This is an interesting concept. Imagine the wildlife folks actually working with landowners to find out about the wildlife we raise for them. Know anything about this, Oldtimer?
Ranchers as biologists
By JEFF GEARINO
Southwest Wyoming bureau
Monday, March 06, 2006
GREEN RIVER -- Longtime Sublette County rancher John Andrikopoulos knows he has an awful lot of sage grouse on the more than 15,000 acres of private and leased land used by his cattle operation. And there are neighboring ranches with good sage grouse habitat as well.
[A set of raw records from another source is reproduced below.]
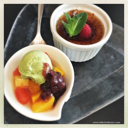 Mon amie a choisi le thon rouge aux poireaux à la sauce sumiso. Elle s’est aussi régalée. Personnellement, je n’aime pas le thon crû, donc je suis incapable de vous donner un avis à ce sujet. Elle a terminé son repas avec une crème brûlée aux marrons. Pas très oriental, me direz-vous, et vous aurez bien raison!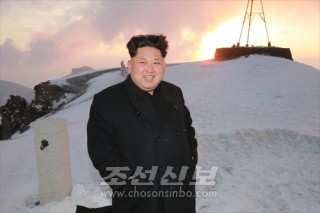 김정은원수님께서 조선인민군 전투비행사 백두산지구혁명전적지답사행군대 성원들과 함께 혁명의 성산 백두산에 오르시였다
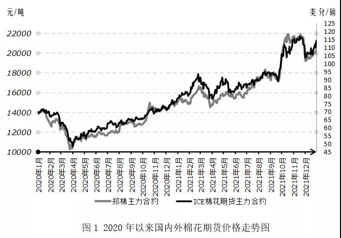 12月以來,國內(nèi)新棉銷售依舊困難,紡織市場弱勢未改,上下游持續(xù)僵持,“奧密克戎”變異毒株觸發(fā)棉價大跌,隨著國際市場情緒暫時回暖,國內(nèi)棉價重挫后隨大宗商品走勢小幅抬升。截至2021年12月底,鄭州商品交易所棉花期貨主力合約結算價20002元/噸,較11月均價下跌811元/噸,跌幅3.90%;代表內(nèi)地標準級皮棉市場價格的國家棉花價格B指數(shù)21145元/噸,較11月基本持平。
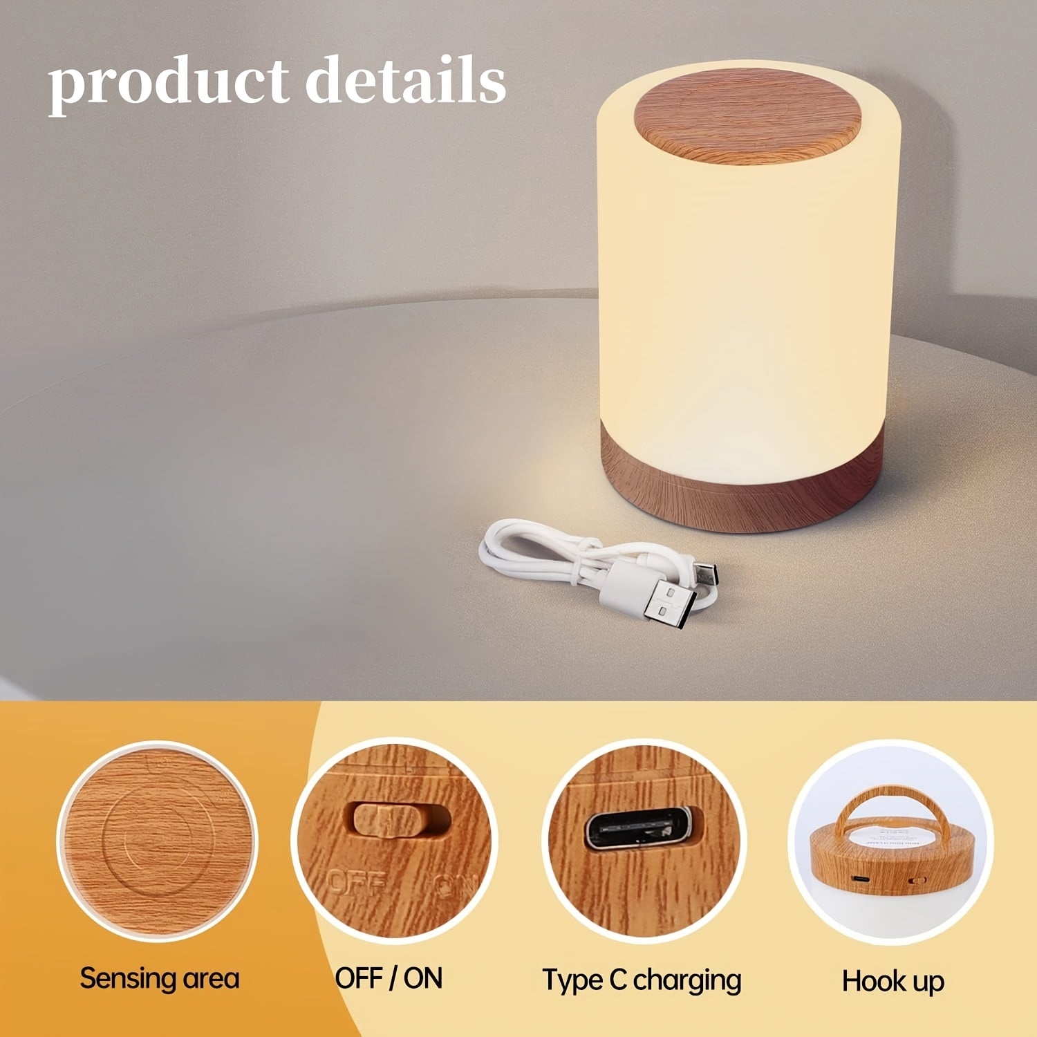 2pcs LED bedside lamp, night light with timing function, three lighting modes to choose from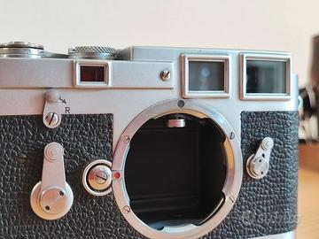 Vendo macchina fotografica 35mm analogica Leica m3 con custodia originale e tappi. Numero di serie 921625. Perfettamente funzionante, e appena revisionata da un noto riparatore di Bologna. L'otturatore è silenzioso, i tempi perfetti e tarati, anche quelli lenti. Telemetro nitido e ben contrastato e perfettamente tarato. Nessuna infiltrazione di luce. Tenuta in ottime condizioni estetiche, usata sempre con la custodia. Presenti leggeri segni.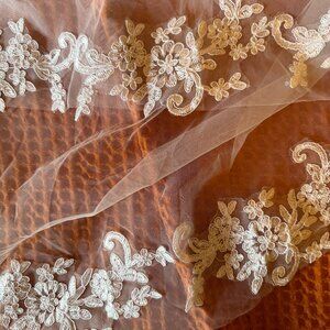 Custom Ivory Fingertip Veil with Lace & Pearl Butterfly Details – Veil with comb

But unfortunately -- when it comes to the big decisions made by government agencies about how best to manage species such as sage grouse considered for special protection under the Endangered Species Act -- just knowing you have sage grouse on your land doesn't really count for much. Not without hard data to back it up.
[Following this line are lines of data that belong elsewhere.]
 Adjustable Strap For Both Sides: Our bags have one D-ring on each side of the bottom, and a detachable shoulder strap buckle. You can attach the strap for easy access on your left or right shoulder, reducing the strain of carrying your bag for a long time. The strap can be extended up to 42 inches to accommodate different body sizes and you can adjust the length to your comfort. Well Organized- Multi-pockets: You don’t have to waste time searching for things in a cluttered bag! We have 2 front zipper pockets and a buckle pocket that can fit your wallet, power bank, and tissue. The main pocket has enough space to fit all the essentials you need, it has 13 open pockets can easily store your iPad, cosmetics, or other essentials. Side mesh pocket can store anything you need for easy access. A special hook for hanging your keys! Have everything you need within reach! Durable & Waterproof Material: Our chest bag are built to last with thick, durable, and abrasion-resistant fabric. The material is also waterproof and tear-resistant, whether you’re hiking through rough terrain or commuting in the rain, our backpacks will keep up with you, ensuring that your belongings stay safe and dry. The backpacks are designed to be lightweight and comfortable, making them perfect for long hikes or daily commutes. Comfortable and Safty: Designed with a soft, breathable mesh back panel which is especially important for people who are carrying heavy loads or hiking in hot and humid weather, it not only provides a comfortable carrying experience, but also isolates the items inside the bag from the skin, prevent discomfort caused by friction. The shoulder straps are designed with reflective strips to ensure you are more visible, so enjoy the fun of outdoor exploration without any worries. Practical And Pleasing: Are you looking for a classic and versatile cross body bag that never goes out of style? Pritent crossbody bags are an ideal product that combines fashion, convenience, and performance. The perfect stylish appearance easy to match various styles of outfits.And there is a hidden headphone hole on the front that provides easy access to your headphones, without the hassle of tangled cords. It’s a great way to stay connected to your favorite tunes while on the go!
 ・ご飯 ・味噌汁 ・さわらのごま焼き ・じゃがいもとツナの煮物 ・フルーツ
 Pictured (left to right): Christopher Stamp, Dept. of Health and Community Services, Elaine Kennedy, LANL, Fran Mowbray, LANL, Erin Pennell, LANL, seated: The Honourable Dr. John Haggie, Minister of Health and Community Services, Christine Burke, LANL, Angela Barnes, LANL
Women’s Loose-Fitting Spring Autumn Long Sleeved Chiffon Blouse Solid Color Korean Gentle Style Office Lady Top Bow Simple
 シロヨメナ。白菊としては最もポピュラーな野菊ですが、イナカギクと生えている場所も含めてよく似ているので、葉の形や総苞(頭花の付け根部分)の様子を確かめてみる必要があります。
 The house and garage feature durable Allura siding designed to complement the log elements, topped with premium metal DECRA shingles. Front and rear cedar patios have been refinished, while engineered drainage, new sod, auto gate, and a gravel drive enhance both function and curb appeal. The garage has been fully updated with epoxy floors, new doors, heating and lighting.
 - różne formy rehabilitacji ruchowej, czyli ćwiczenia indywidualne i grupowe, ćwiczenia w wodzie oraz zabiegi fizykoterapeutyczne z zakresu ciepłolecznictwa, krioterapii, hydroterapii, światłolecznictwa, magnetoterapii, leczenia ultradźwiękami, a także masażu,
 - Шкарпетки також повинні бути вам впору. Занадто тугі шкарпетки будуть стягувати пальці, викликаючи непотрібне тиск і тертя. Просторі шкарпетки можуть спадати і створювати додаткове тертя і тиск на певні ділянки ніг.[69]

Andrikopoulos and other western Wyoming ranchers are going after that hard data through a four-year project developed under the auspices of the Wyoming Wildlife Heritage Foundation.
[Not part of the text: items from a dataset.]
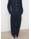 Tejido de algodón estilo tejano vaquero. Diseño largo. Diseño recto. Cuello redondo. Manga larga con puños abotonados. Dos bolsillos laterales. Cierre delantero con botones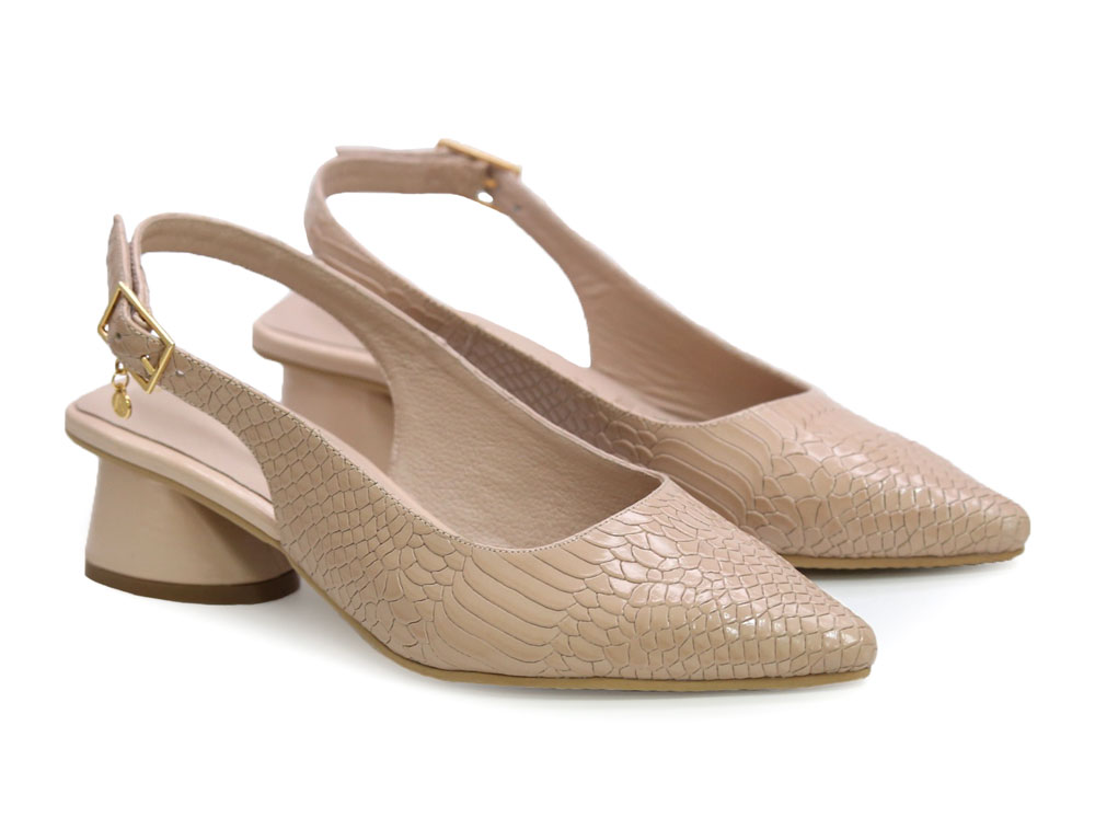 Zapatilla destalonada en cuero grabado charol, Posee correa ajustable y hebilla metálica garantizando un ajuste cómodo y seguro. Su tacón ancho con acabado, aporta un detalle moderno sin perder la sofisticación. Hecho por manos colombianas. |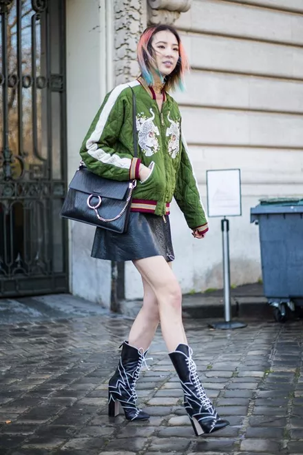 Όσο πιο μικρή είσαι τόσο μεγαλύτερη "ελευθερία" έχεις στο να παίξεις με μοτίβα, στυλ, υλικά, μήκη και χρώματα και όλα στο ίδιο outfit. Εδώ η Irene το κάνει σωστά με δερμάτινη μίνι φούστα και statement bomber jacket.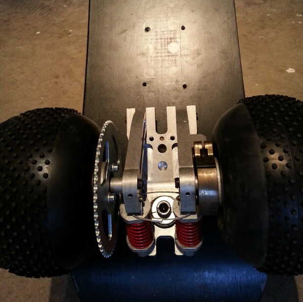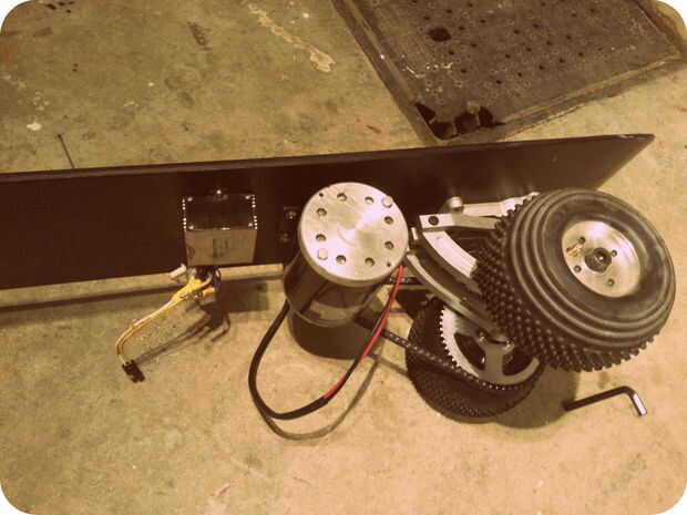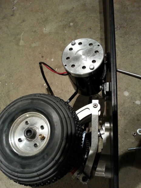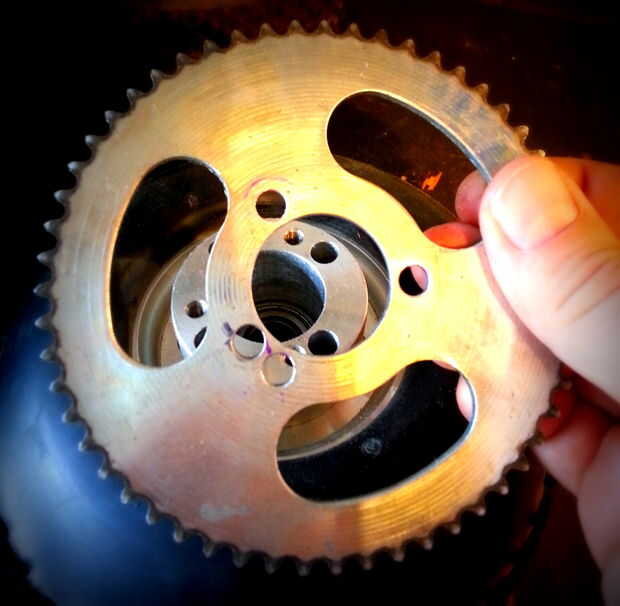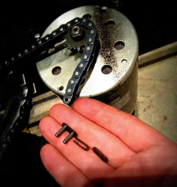 Simplemente perforados a través de la Junta y había empernado el motor en su lugar. La cadena fue acortada por uno de los pernos de acoplamiento pulido apagado y usando un enlace reemplazable. Que terminó acortando por un solo link; mejor acortar que alargar (siempre). Para agregar la tensión un poco jackear a un extremo del motor de la Junta Directiva con algunos espaciadores. La tensión de la cadena fue justo en este punto.

The pilot project aims to develop programs and methods to help ranchers compile much-needed data about wildlife and wildlife habitat on their land. With that data, ranchers could then integrate agricultural land use with wildlife habitat management planning -- and maybe get a bigger say in federal decisions that affect wildlife on private lands in Wyoming.
"We see what's going on out there every day on the ground, but so often the rancher defers ... to the Game and Fish (Department) or (U.S. Fish and Wildlife) Service and the expertise of others. And while he's kind of not ignored, he's not a player," Andrikopoulos said. "Hopefully, this process is going to get us to the point where the rancher can become a player in all this data that's out there."
A contribution from EnCana Oil and Gas USA Inc. to the Wildlife Heritage Foundation included a donation of about $180,000 to help fund part of the unique ranching/wildlife planning project.
A consultant is working to design the system that will combine agricultural land management with wildlife and wildlife habitat management, officials involved in the project said.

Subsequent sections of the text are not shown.